Cela fait du bien de voir des fédéralistes non seulement parler de leur amour pour le Québec, mais aussi le prouver

"Reconquérir le Canada"



La phrase peut-être la plus importante de Reconquérir le Canada, ce livre regroupant les textes de 14 politiciens, militants et intellectuels fédéralistes québécois, apparaît à la toute fin du volume, sous la plume d'André Pratte: "Cet ouvrage en est un d'amour du Québec et d'espoir pour son avenir." Cela fait du bien de voir des fédéralistes non seulement parler de leur amour pour le Québec, mais aussi le prouver, dans un livre nous redonnant sur le plan intellectuel un peu de cet oxygène qui nous fait défaut depuis l'échec de l'accord du lac Meech, il y a 18 ans.

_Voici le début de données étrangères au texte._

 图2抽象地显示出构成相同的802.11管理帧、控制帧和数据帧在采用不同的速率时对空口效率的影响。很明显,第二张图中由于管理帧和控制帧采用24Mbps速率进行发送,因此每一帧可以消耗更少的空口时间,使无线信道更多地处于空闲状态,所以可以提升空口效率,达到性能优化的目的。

Cinq contributions se démarquent par leur qualité, axées sur le rappel du principe de réalité et apportant quelque chose d'important au débat. Dans un texte excellent quant à la forme et au fond, le constitutionnaliste Jean Leclair s'attaque à la désinformation véhiculée par ces intellectuels incapables de reconnaître les succès québécois des dernières années en matière intergouvernementale canadienne, de voir qu'en dépit du rapatriement de 1982 et de ce qui en découle de négatif pour le Québec, le Canada reste un État fédéral décentralisé, loin de l'épouvantail quasi unitaire trop souvent décrit.

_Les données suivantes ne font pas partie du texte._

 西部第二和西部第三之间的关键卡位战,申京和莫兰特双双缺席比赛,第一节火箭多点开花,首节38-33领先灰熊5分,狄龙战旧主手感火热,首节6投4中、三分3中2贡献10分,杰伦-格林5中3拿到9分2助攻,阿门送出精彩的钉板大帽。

Dans un texte clair et nuancé, l'ancienne ambassadrice Marie-Bernard Meunier rappelle les expériences allemande et européenne du fédéralisme, réfléchissant de façon lucide sur ce mode de division de la souveraineté et rappelant que le problème du Québec a plus à voir avec le "le besoin débilitant d'être aimé" qu'avec le fédéralisme. S'il y a un fil conducteur dans le livre, c'est d'ailleurs l'explication de ce qu'est le fédéralisme et le rappel de son intérêt pour le Québec. Un autre thème qui revient est qu'il ne suffit pas de défendre les intérêts du Québec au sein du Canada, mais qu'il faut être également capable de tenir compte de ceux de l'ensemble du pays.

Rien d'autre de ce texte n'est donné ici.